Do I contradict myself?
Very well then I contradict myself,
(I am large, I contain multitudes.)

Walt Whitman

Hamlet, it is frequently observed by critics, is a deeply "problematic" play. This, I think, is actually to its advantage. The below list is in the service of a larger node that I am preparing; it will argue, in part, that one of the surprising strengths of the play derives from the fact that it puts its audience through the experience of self-contradiction -- without ever alerting that audience to the fact of that experience.

A partial list of contradictions in the play follows; I plan to expand this node over time.

EDIT: The below list may seem at first to be a loose collection of adverse criticisms. They are not. Again, a large part of my thesis will ultimately be that, in Whitman's words, Hamlet presses its audience into the experience of "containing multitudes."

...


1. Hamlet's oft-quoted observation that death is "the undiscovered country / From which no traveller returns" does not square with the fact that he has been visited, three acts beforehand, by the ghost of his father.

2. During that visit, the Ghost asks Hamlet to revenge his "foul and unnatural murder." Revenge is a fundamentally un-Christian act, since it is the opposite of turning the other cheek. Immediately after the Ghost provides this command, however, he insists that Hamlet "leave [his] mother to heaven"1.

3. The Ghost tells Hamlet that it cannot reveal the "secrets of [its] prison-house" immediately after partially revealing them.

4. Hamlet seems to invent the idea of staging a play that mimics the murder of his father after giving instructions to the First Player to stage exactly such a play.

5. An audience accepts both of the incompatible facts that Claudius would become king by virtue of his blood relation to King Hamlet and, later, that Laertes could become king because of popular support (here it seems that Shakespeare is toying with the fact that Denmark was an elected monarchy, a seemingly non-sequitorial form of government).

6. Gertrude accepts the idea that Hamlet is "author" of his own exile; earlier in the Closet scene, she acknowledges that Claudius had planned Hamlet's removal much earlier. Similarly, Hamlet is the one that introduces the idea that he is to be sent to England in this scene and then later expresses (possibly mock) surprise to Claudius that he is to be sent away.

7. Claudius expresses need to "countenance and excuse" the murder of Polonius, then later explains that one of the reasons that he didn't send Hamlet to England earlier was the general population's love for him -- a love that "dip[s] all his faults in their affection" and "converts his gyves to graces."

8. In the same scene, Hamlet moves from saying that the wars between Poland and Norway are "th'impostume of much wealth and peace" to saying that "rightly to be great / is not to stir without great argument / but greatly to find quarrel in a straw / when honour's at the stake."

9. Hamlet first claims a firm, morally relativistic position that "there is nothing good or bad / but thinking makes it so" but then asserts blanketly that "there's a divinity that shapes our ends."

10. Ophelia is treated as a suicide although there is no evidence that she deliberately killed herself; when Laertes confronts the priest, he never questions that she is a suicide, just the priest's heartless rigidity.

11. In the same scene where Claudius notes that "of Hamlet our dear brother's death / The memory be green", he also upbraids his nephew for persisting in "obstinate condolement" over the former king.

12. In the play's third scene an audience is invited to fault Polonius for his too- stubborn and too-callous rejection of Ophelia’s insistences that Hamlet loves her.
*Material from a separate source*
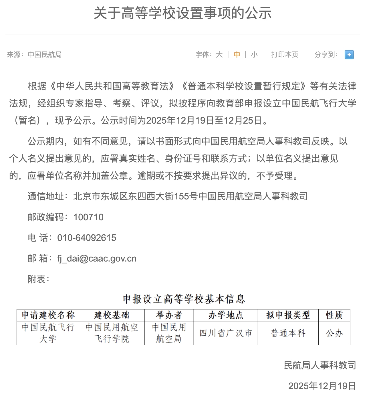 国内第一所“飞行大学”真的要来了! 12月19日,中国民用航空局发布《关于高等学校设置事项的公示》,拟在中国民用航空飞行学院的基础上,按程序向教育部申报设立中国民航飞行大学(暂名)。
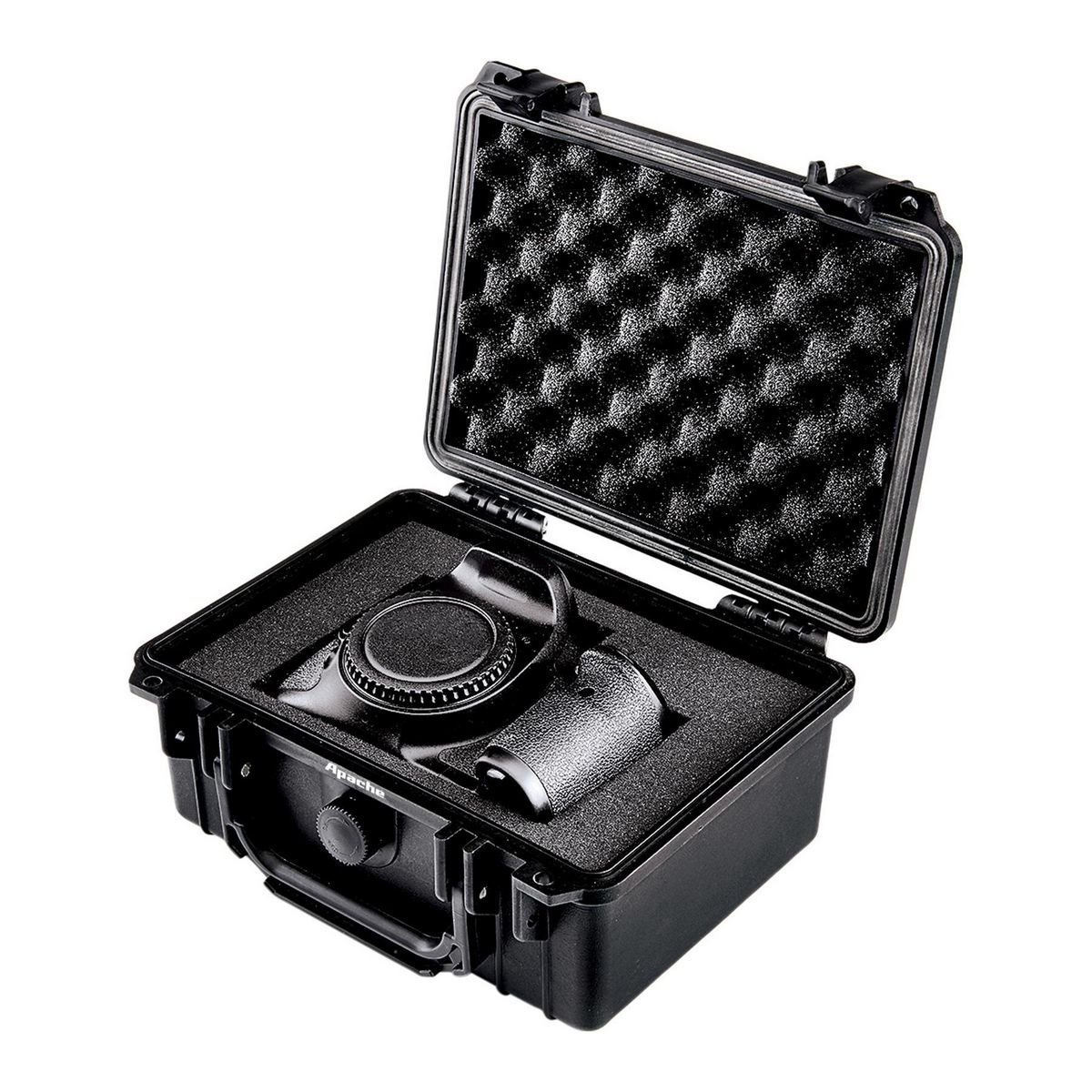 Proteja cámaras, micrófonos, pistolas y otros equipos especializados con este estuche de almacenamiento resistente a la intemperie APACHE® excepcionalmente resistente. Construido con polipropileno extremadamente duradero, este estuche rígido de calidad profesional resiste todo y al mismo tiempo protege el contenido de impactos, humedad y polvo microscópico. La válvula de purga incorporada iguala la presión para que pueda abrir la caja después de cambiar las elevaciones.

Throughout the remainder of the play, however, it is frequently invited to fault him for stubbornly holding the opposite view -- that frustrated love for Ophelia is the only possible motivational factor behind Hamlet’s madness2.

13. Hamlet expresses admiration both for Horatio’s cool, rational self-control and for the First Player’s ability to force himself, through a very different kind of self-control, into a heated passion1

14. Hamlet also tells Ophelia that he once did, but no longer does, have feelings for her; later he follows Laertes into her grave while shrieking that he loved her definitively and that “forty thousand brothers / Could not with all their quantity of love / Make up my sum.”
1. See Booth, Stephen 1969. 'On The Value of Hamlet.' Reinterpretations of Elizabethan Drama, ed. Norman Rabkin. New York

2. Polonius’ brief self-reproach for excessive “jealousy” in the concluding lines of 2.1 is potential proof against this argument. However, this speech is finished after six and a half lines and it concludes with a self-justifying generalization that undercuts much of its apologetic thrust. Moreover, the entire speech is likely to seem parenthetical to an audience, since it occurs while the play is focused on Ophelia’s report of Hamlet’s behavior. Not only this, but at this point the audience is confident that the Ghost’s reappearance is the major source for Hamlet’s misbehavior. It is therefore likely to receive Polonius’ overconfident deduc-tion that Ophelia’s refusal of Hamlet “hath made him mad” in a comic register that colors the rest of Polonius’ lines in the scene. Shakespeare thus seems to divert audience focus from the inconsistencies of Polonius’ opinions to the constancy of his ridiculous habits of speech even as he presents Polonius in the process of changing his mind.